Brief:
All pictures are to be dropped, and everything else in the data duplicated exactly.

Data section:
════

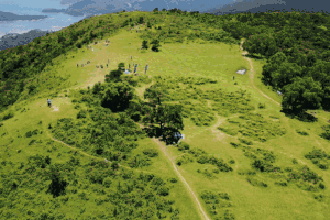 山顶有处平原,就是昂平,是个高山营地。每逢假日,许多滑翔伞爱好者在此翱翔天际。
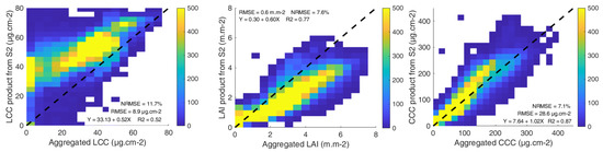 Direct validation was performed on the 3 m resolution of the HyPlant DUAL image to facilitate a best possible match with the field measurements. Good agreements can be observed between estimated and measured values for the three variables (see Figure 4). While the prediction errors were relatively low for all variables (RMSE = 4.3 g cm for LCC; RMSE = 0.7 m m for LAI; RMSE = 30.1 g cm for CCC), the highest consistency was found for CCC with a correlation of R = 0.74 (versus R = 0.45 for LCC and R = 0.55 for LAI). Given the acceptable validation results, the Hyplant vegetation maps were subsequently used as a reference for validating the 300 m OLCI vegetation products. The fine-scale estimations were therefore aggregated to a 300 m spatial resolution and evaluated against the retrieved values derived from the OLCI reflectance product (see Figure 5). Two alternative aggregation methods were explored, i.e., using a simple averaged versus a LAI-weighted aggregation of LCC (results not shown). The former led to a higher correlation with the LCC values retrieved from the S3 imagery and was therefore selected. At the coarsened scale of 300 m, LCC suffered a remarkable drop in estimation accuracy with a more than twofold increased error (11.9 g cm versus 4.3 g cm). Furthermore, a systematic overestimation across the whole considered range can be observed. This mismatch suggests that our OLCI LCC model requires further development, i.e., a retraining of the GPR algorithm with an adapted training dataset. Regarding the other variables, however, the estimation error was comparable for LAI (0.73 m m versus 0.72 m m) and even improved for CCC (26.8 g cm versus 30.1 g cm), as opposed to the finer scale. Again, the highest correlation appeared for the CCC variable with a R = 0.74 (versus R = 0.38 for LCC and R = 0.48 for LAI).
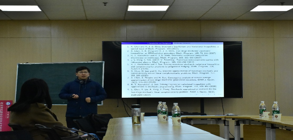 孙海琳教授为大家带来了题为“Dynamic Stochastic Projection Method for Multistage Stochastic Variational Inequalities”的学术报告。孙教授以经典的报童问题为例,详细解释了多阶段优化问题的实际应用背景,以及随机变分不等式在现代优化理论中的重要性。他深入探讨了这一领域的历史发展,从早期的理论探索到当前的研究前沿,为听众提供了一个全面的视角。借此,孙教授介绍了怎么样通过随机近似的方法来设计相关算法对多阶段随机变分不等式问题进行求解。这种方法通过随机近似技术,能够有效地处理多阶段随机问题中的不确定性和复杂性。
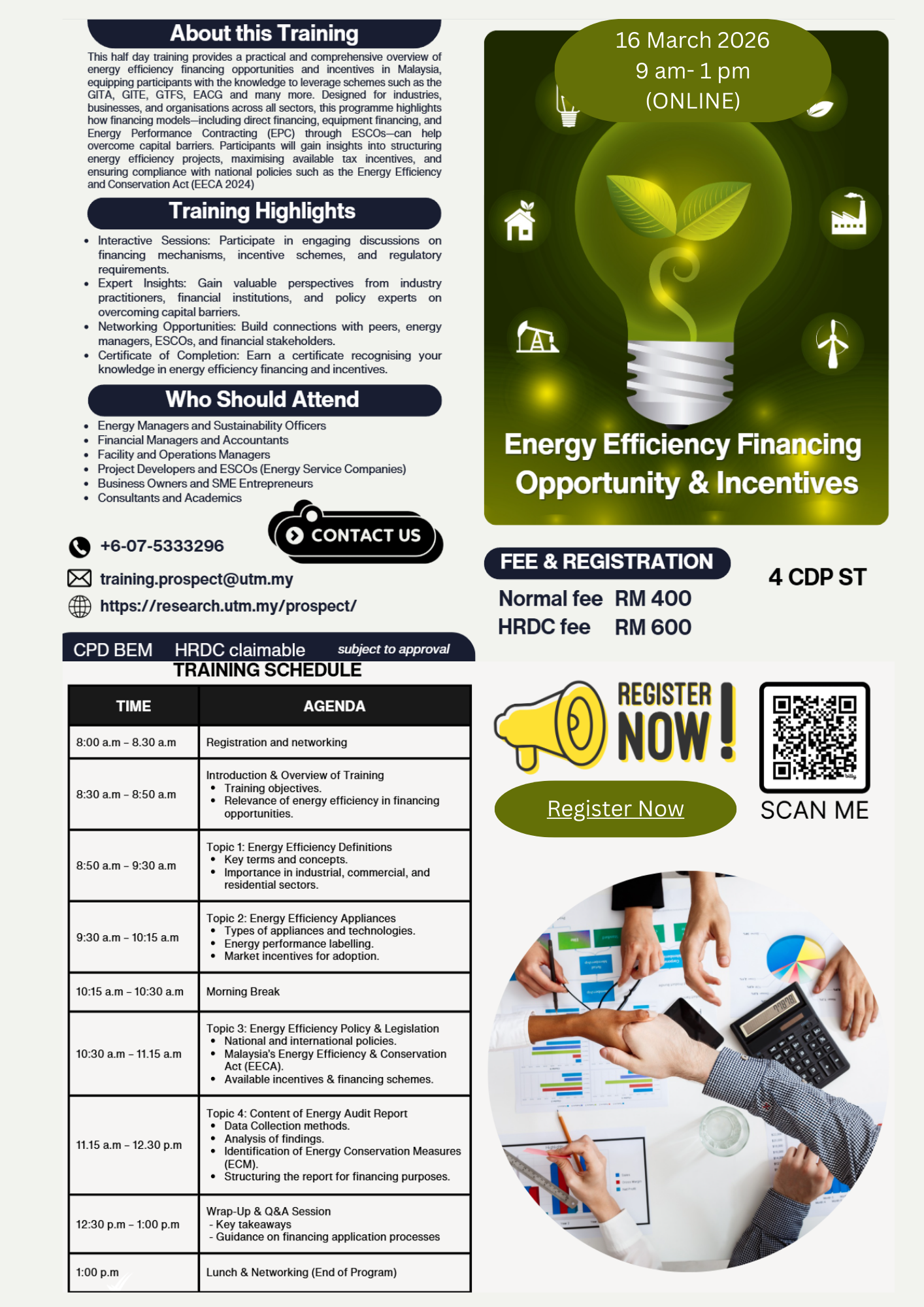 Universiti Teknologi Malaysia (UTM) is organising an online training program titled “Energy Efficiency Financing Opportunity & Incentives” on 16 March 2026 (9:00 a.m. – 1:00 p.m.). This half-day training provides a practical and comprehensive overview of financing opportunities and incentives available for energy efficiency projects in Malaysia.

════

Output below:
 山顶有处平原,就是昂平,是个高山营地。每逢假日,许多滑翔伞爱好者在此翱翔天际。
 Direct validation was performed on the 3 m resolution of the HyPlant DUAL image to facilitate a best possible match with the field measurements. Good agreements can be observed between estimated and measured values for the three variables (see Figure 4). While the prediction errors were relatively low for all variables (RMSE = 4.3 g cm for LCC; RMSE = 0.7 m m for LAI; RMSE = 30.1 g cm for CCC), the highest consistency was found for CCC with a correlation of R = 0.74 (versus R = 0.45 for LCC and R = 0.55 for LAI). Given the acceptable validation results, the Hyplant vegetation maps were subsequently used as a reference for validating the 300 m OLCI vegetation products. The fine-scale estimations were therefore aggregated to a 300 m spatial resolution and evaluated against the retrieved values derived from the OLCI reflectance product (see Figure 5). Two alternative aggregation methods were explored, i.e., using a simple averaged versus a LAI-weighted aggregation of LCC (results not shown). The former led to a higher correlation with the LCC values retrieved from the S3 imagery and was therefore selected. At the coarsened scale of 300 m, LCC suffered a remarkable drop in estimation accuracy with a more than twofold increased error (11.9 g cm versus 4.3 g cm). Furthermore, a systematic overestimation across the whole considered range can be observed. This mismatch suggests that our OLCI LCC model requires further development, i.e., a retraining of the GPR algorithm with an adapted training dataset. Regarding the other variables, however, the estimation error was comparable for LAI (0.73 m m versus 0.72 m m) and even improved for CCC (26.8 g cm versus 30.1 g cm), as opposed to the finer scale. Again, the highest correlation appeared for the CCC variable with a R = 0.74 (versus R = 0.38 for LCC and R = 0.48 for LAI).
 孙海琳教授为大家带来了题为“Dynamic Stochastic Projection Method for Multistage Stochastic Variational Inequalities”的学术报告。孙教授以经典的报童问题为例,详细解释了多阶段优化问题的实际应用背景,以及随机变分不等式在现代优化理论中的重要性。他深入探讨了这一领域的历史发展,从早期的理论探索到当前的研究前沿,为听众提供了一个全面的视角。借此,孙教授介绍了怎么样通过随机近似的方法来设计相关算法对多阶段随机变分不等式问题进行求解。这种方法通过随机近似技术,能够有效地处理多阶段随机问题中的不确定性和复杂性。
 Universiti Teknologi Malaysia (UTM) is organising an online training program titled “Energy Efficiency Financing Opportunity & Incentives” on 16 March 2026 (9:00 a.m. – 1:00 p.m.). This half-day training provides a practical and comprehensive overview of financing opportunities and incentives available for energy efficiency projects in Malaysia.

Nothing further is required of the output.